Страница 58 из 63
В пользу подобной трактовки сибирцевской прозы говорит даже само изображаемое им время, как бы отвергшее свою реальную поступь и то и дело останавливающееся, чтобы растянуть сюжетную оценку почти до эпических размеров. Именно такой прием мы встречаем в поэмах Гомера, где течение грохочущей под стенами Трои битвы вдруг замирает, как кадр кинопроектора, словно бы пережидая, пока герой во всех мельчайших подробностях рассмотрит и опишет нам пышноблистающие доспехи пораженного им соперника. То же самое происходит и в романах Сибирцева, где, как не без иронии заметила в своей рецензии Ю. Старыгина, “героя вырубают ударом ноги, и минут 25 он лежит в куче мусора, предаваясь размышлениям о социально-политическом строе, русской литературе и о том, что “эх, Григорий, какой же ты нехороший мальчик! Только и научился, без спросу старших, расстреливать незнакомых тебе мальчиков... И придется мне тебя наказать, ...придется тебе, милый мальчик, вслед за старшими товарищами переплыть античную речку в царство теней...”

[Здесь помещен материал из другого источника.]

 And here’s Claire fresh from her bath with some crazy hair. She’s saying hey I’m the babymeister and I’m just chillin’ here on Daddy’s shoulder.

Увы, но подобные растяжки времени у Сибирцева не редкость — в незаконченном романе “Привратник “Бездны” (т. 1) один из ворвавшихся в квартиру главного персонажа (называть его “героем” как-то рука не поднимается) бандитов, желая подавить его волю унижением, начинает справлять прямо на него малую нужду и делает это с 397-й по 405 страницу включительно. Пряча голову от бьющей в лицо струи, персонаж Сибирцева размышляет во время этого бесконечного по продолжительности акта о таком своем могущественном преимуществе над издевающимися над ним отморозками, как “абсолютная свобода собою”, заключающаяся в том, что хоть они и унижают его тело, разум остается в его личном подчинении. Еще он размышляет о вещественных эквивалентах тех частных сокровищ, которые ему приходится охранять, работая в службе охраны, о своем саркастическом отношении к этой работе, зиждущемся “не на идейной платформе легального посткоммунистического куража (в сущности, когда позволено орать, рисовать-тащить красные транспаранты — это уже не кураж), а всего лишь блюдя смысл известной киношной реплики знаменитого Петра Луспекаева, создавшего образ истинного русского человека: “За державу обидно...”, и о многом, многом другом.

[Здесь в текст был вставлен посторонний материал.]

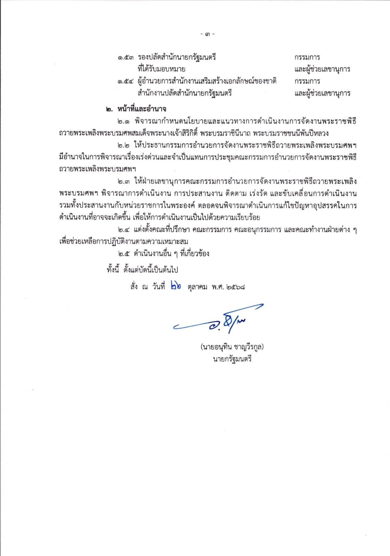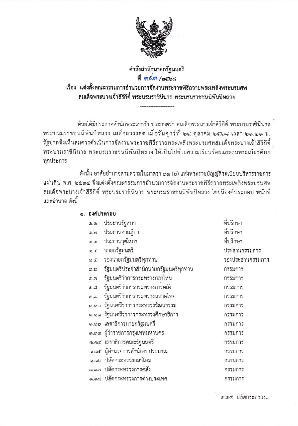 วันที่ 29 ตุลาคม 2568 ผู้สื่อข่าวรายงานว่า นายอนุทิน ชาญวีรกูล นายกรัฐมนตรีและรัฐมนตรีว่าการกระทรวงมหาดไทย ได้มีคำสั่งสำนักนายกรัฐมนตรี ที่ 393 /2568 เรื่อง แต่งตั้งคณะกรรมการอำนวยการจัดงานพระราชพิธีถวายพระเพลิงพระบรมศพ

А струя все хлещет по лицу, щиплет закрытые глаза едким запахом мочи, хлещет... С 397-й по 405 страницу.
Но ведь мы уже сказали выше, что проза Сибирцева — это точно такое же погружение в Ад, как и в поэме Данте, а откуда возьмется в Аду время , если это — место вечных мучений? За античной рекой, которую поминает, лежа после удара ногой в пах, персонаж романа “Государственный палач”, времени больше нет, а есть только стон да “скрежет зубовный”. Практически они же окружают сибирцевских персонажей в их полуреальных, полусомнамбулических странствиях по сюжетным лабиринтам всех этих “психопатических этюдов”, “записок зануды и труса впридачу”, “пересказов мистификатора”, “рассказов-причитаний” и других, слагающихся в круги постигаемого Ада, произведений. Но страшны, тем не менее, не подробности живописуемых писателем беззаконий, и тут Сибирцев, похоже, и в самом деле перегружает бумагу словесами, увлекаясь описанием садистских сцен и сатанинских оргий (многословие — вообще один из самых основных недостатков его таланта, здесь я на сто процентов согласен с Ю. Старыгиной и надеюсь, что, работая над очередным томом своего собрания сочинений, он все-таки подумает над этим нашим двойным замечанием). Страшен же, я повторяю, не столько перечень конкретных проявлений зла в нашей сегодняшней жизни, сколько сам факт ее превращения в Ад — словно то ли мы вдруг ухнули в самые глуби преисподней, то ли всплыл тихой сапой со дна огненного озера зловещий город грехов Пандемониум и подменил собою окружавшую нас до этого реальность. Она и так-то была для нас далеко не Раем, а с похерением всех существовавших ранее нравственных барьеров погрузилась в такую тьму, которую не оттенишь никаким фотографическим ореолом.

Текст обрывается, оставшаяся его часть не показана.